* Input data *
++++++++

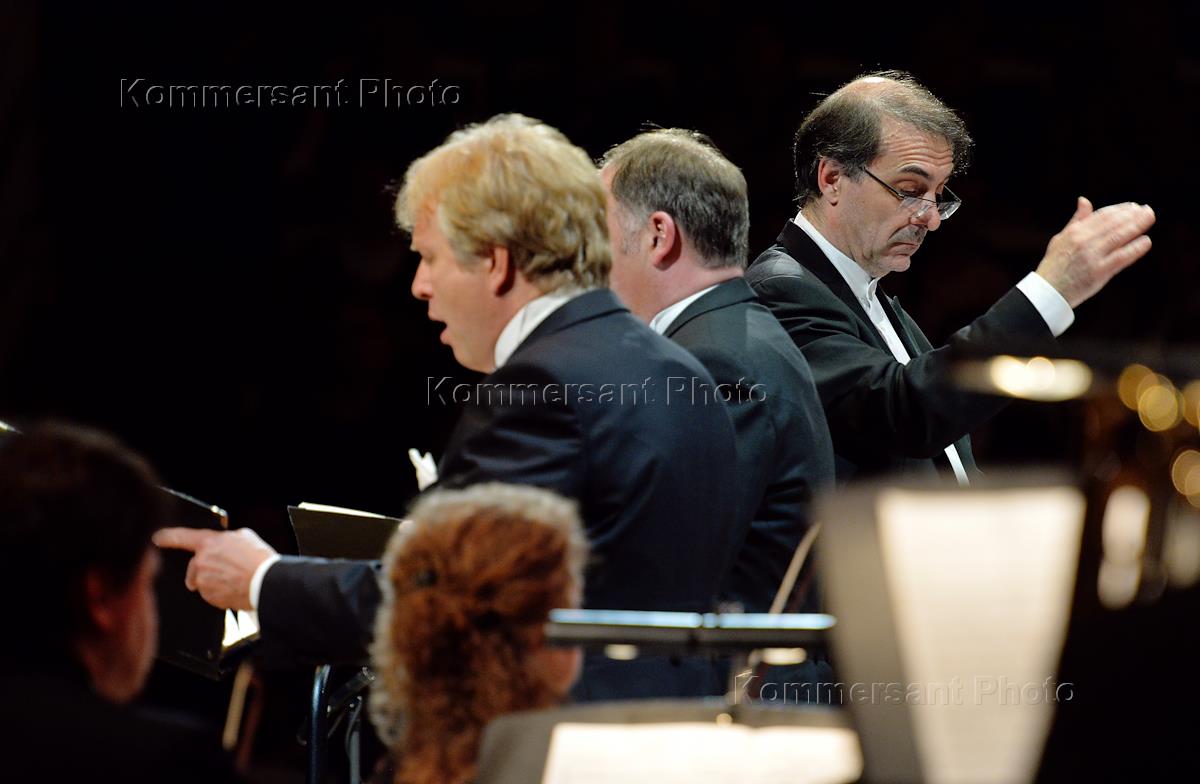 Концерт Московского камерного оркестра Musica viva и хора Kantorei der Schlosskirche под управлением дирижера Александра Рудина "Мендельсон. Оратория "Павел" для солистов, хора и оркестра" в Концертном зале имени П.И.Чайковского. Слева направо: художественнй руководитель Московского камерного оркестра Musica Viva Александр Рудин, оперные певцы Манфред Биттнер и Маркус Шафер во время концерта.
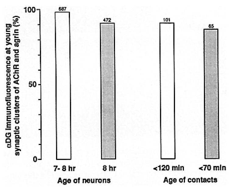 clusters of AChRs (open columns) and agrin (stippled columns).
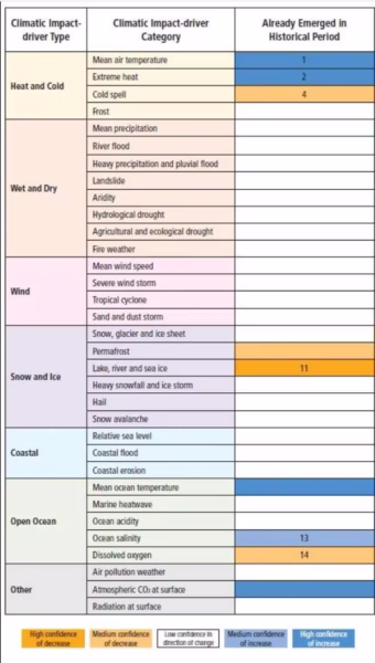 Hier onder de IPCC-tabel die laat zien of extreme weersomstandigheden wel of niet toenemen:
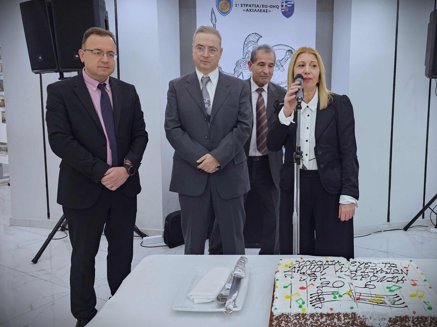 Στο χαιρετισμό της η νέα αντιδήμαρχος κα Ευριδίκη Γούλα μεταφέροντας τις ευχές του Δημάρχου Λαρισαίων κου Αθανασίου Μαμάκου, οποίος απουσίαζε σε αποστολή στο εξωτερικό, ευχήθηκε σε όλους υγεία και ευτυχία για τη νέα χρονιά, επαίνεσε το ζήλο των χορωδών και του μαέστρου για την ανάπτυξη της χορωδιακής πολυφωνικής μουσικής και δήλωσε την έμπρακτη συμπαράσταση και υποστήριξη της δημοτικής αρχής στις δράσεις της χορωδίας.

++++++++

* What this task involves *
Copy out all the data exactly. No images belong in the copy.

* Reply *
 Концерт Московского камерного оркестра Musica viva и хора Kantorei der Schlosskirche под управлением дирижера Александра Рудина "Мендельсон. Оратория "Павел" для солистов, хора и оркестра" в Концертном зале имени П.И.Чайковского. Слева направо: художественнй руководитель Московского камерного оркестра Musica Viva Александр Рудин, оперные певцы Манфред Биттнер и Маркус Шафер во время концерта.
 clusters of AChRs (open columns) and agrin (stippled columns).
 Hier onder de IPCC-tabel die laat zien of extreme weersomstandigheden wel of niet toenemen:
 Στο χαιρετισμό της η νέα αντιδήμαρχος κα Ευριδίκη Γούλα μεταφέροντας τις ευχές του Δημάρχου Λαρισαίων κου Αθανασίου Μαμάκου, οποίος απουσίαζε σε αποστολή στο εξωτερικό, ευχήθηκε σε όλους υγεία και ευτυχία για τη νέα χρονιά, επαίνεσε το ζήλο των χορωδών και του μαέστρου για την ανάπτυξη της χορωδιακής πολυφωνικής μουσικής και δήλωσε την έμπρακτη συμπαράσταση και υποστήριξη της δημοτικής αρχής στις δράσεις της χορωδίας.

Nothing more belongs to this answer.